> WHAT THE TASK REQUIRES
With both ends included, repeat exactly the lines of the entries below from the one containing "近端串?dāng)_(NEX" down to the one containing "花材: 精选19枝顶级白玫瑰,搭配绿叶点缀。", and no others.

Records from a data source

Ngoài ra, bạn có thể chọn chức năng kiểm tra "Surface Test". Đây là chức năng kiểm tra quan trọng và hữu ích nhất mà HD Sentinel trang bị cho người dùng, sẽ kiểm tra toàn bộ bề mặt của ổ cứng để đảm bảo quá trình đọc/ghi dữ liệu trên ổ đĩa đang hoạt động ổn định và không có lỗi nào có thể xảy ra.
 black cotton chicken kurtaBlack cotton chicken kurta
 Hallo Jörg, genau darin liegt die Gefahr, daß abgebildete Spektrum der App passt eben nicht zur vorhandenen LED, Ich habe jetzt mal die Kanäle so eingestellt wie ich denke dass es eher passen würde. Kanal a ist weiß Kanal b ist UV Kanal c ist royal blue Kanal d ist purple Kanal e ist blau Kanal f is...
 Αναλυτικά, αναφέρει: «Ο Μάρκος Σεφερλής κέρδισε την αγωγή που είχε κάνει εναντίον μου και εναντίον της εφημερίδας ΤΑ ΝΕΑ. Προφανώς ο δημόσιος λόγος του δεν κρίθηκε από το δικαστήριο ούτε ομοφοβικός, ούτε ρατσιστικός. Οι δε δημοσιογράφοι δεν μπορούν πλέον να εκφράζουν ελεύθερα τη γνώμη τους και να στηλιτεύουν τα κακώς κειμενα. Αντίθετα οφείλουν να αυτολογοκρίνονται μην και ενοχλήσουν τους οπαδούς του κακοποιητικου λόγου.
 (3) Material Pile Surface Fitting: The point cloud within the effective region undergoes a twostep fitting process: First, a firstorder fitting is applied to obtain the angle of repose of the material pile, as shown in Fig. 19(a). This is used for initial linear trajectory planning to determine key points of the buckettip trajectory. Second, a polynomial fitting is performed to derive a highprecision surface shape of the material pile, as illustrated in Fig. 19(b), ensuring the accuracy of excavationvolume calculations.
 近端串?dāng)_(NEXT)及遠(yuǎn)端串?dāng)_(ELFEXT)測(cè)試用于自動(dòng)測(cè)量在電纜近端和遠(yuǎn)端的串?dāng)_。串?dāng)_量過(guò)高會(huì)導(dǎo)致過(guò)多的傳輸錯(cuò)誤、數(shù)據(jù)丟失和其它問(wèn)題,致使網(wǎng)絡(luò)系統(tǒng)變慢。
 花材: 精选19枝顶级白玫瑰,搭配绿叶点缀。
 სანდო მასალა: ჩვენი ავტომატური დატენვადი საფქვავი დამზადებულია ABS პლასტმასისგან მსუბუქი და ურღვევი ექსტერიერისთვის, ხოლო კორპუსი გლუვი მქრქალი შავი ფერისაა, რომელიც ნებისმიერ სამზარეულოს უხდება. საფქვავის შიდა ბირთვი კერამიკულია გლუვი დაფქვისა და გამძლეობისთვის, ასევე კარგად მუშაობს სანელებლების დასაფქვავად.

* * *

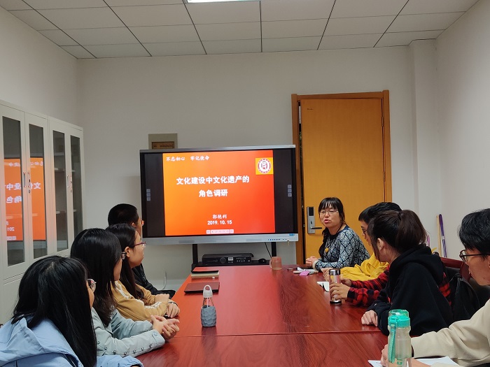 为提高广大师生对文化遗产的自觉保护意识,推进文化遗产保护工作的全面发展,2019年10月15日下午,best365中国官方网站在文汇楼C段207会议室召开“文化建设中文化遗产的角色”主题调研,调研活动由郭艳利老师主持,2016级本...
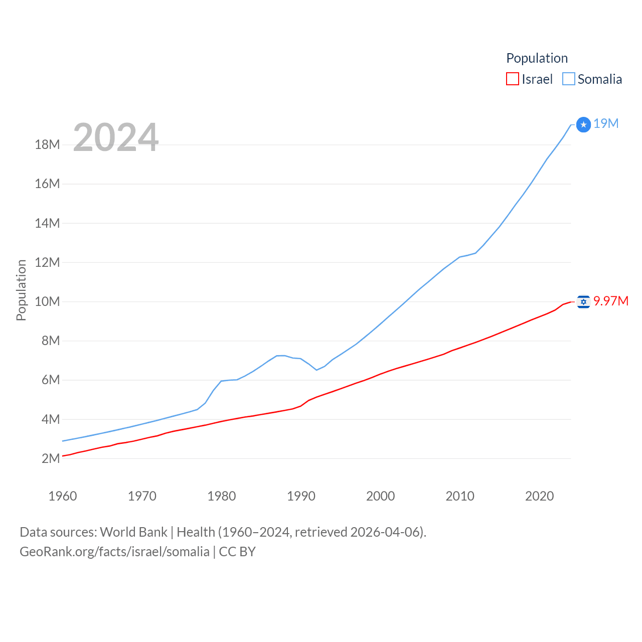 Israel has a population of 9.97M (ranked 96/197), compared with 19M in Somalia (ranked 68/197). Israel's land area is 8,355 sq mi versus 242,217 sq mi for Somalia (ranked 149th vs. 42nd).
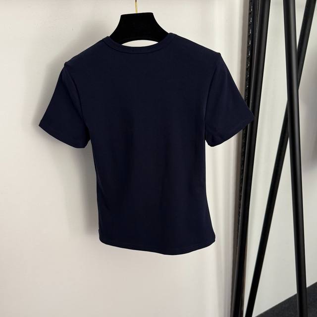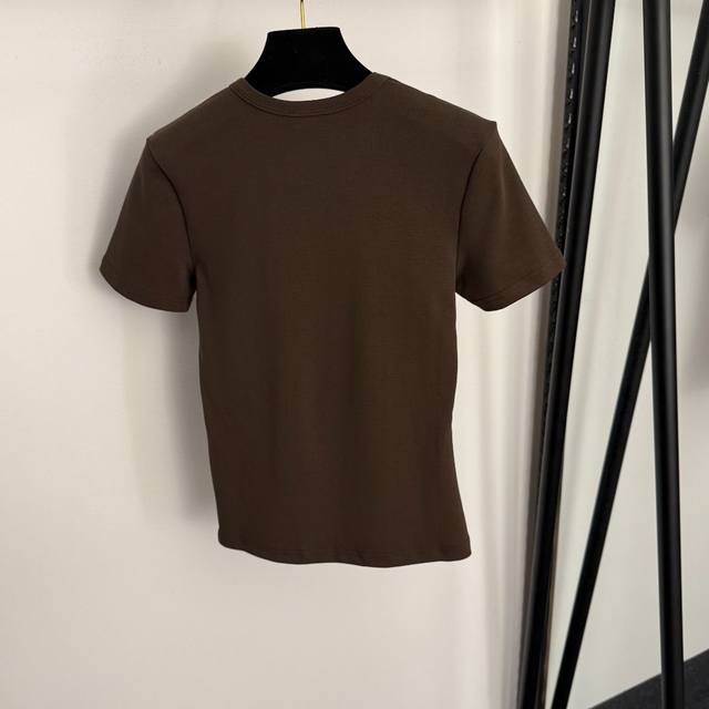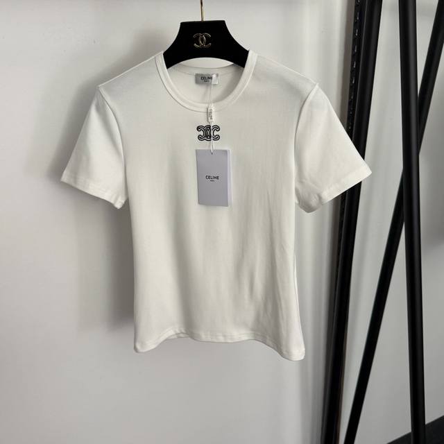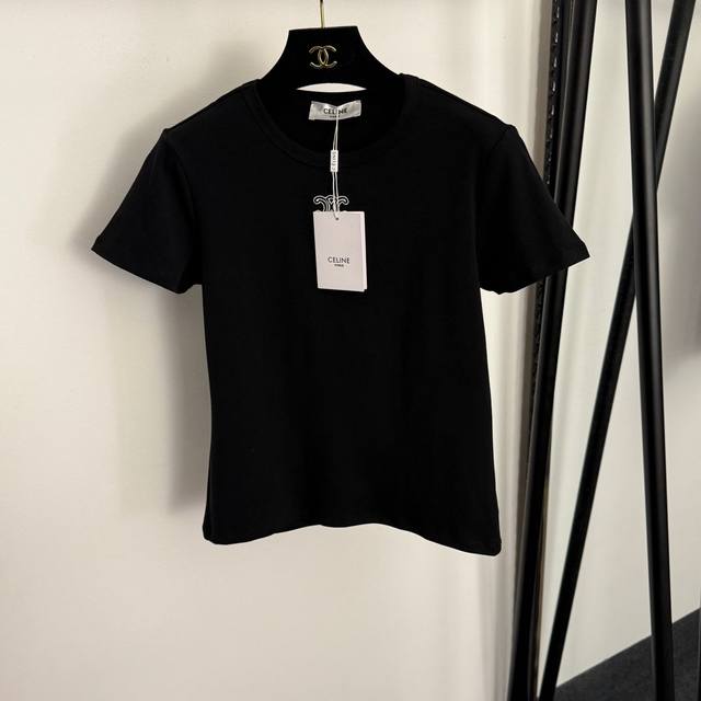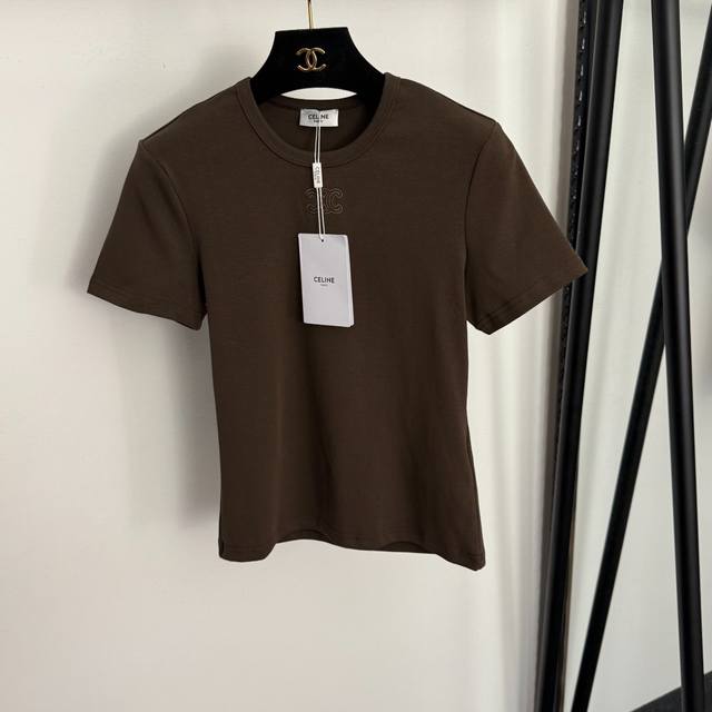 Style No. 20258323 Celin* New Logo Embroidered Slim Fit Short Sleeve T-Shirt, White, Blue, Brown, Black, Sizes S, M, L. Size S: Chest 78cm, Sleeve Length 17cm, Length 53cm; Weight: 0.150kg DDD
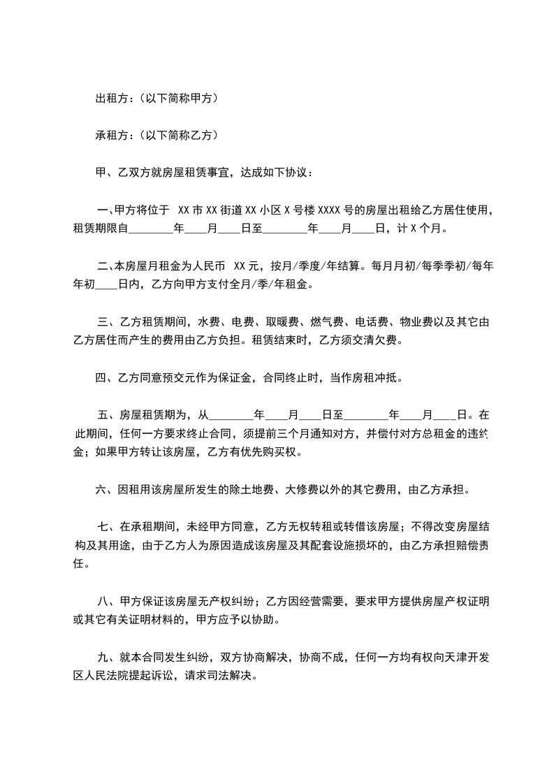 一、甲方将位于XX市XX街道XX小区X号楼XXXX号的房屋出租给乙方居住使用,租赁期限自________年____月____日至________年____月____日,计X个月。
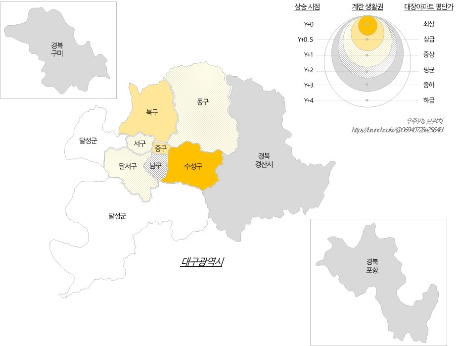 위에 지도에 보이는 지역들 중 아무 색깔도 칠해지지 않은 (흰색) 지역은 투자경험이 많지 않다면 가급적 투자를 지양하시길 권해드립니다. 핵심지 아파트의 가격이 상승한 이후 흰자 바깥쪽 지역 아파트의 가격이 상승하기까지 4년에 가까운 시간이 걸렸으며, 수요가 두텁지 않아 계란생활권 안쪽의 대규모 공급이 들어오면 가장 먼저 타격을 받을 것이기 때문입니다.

> FINAL ANSWER
 近端串?dāng)_(NEXT)及遠(yuǎn)端串?dāng)_(ELFEXT)測(cè)試用于自動(dòng)測(cè)量在電纜近端和遠(yuǎn)端的串?dāng)_。串?dāng)_量過(guò)高會(huì)導(dǎo)致過(guò)多的傳輸錯(cuò)誤、數(shù)據(jù)丟失和其它問(wèn)題,致使網(wǎng)絡(luò)系統(tǒng)變慢。
 花材: 精选19枝顶级白玫瑰,搭配绿叶点缀。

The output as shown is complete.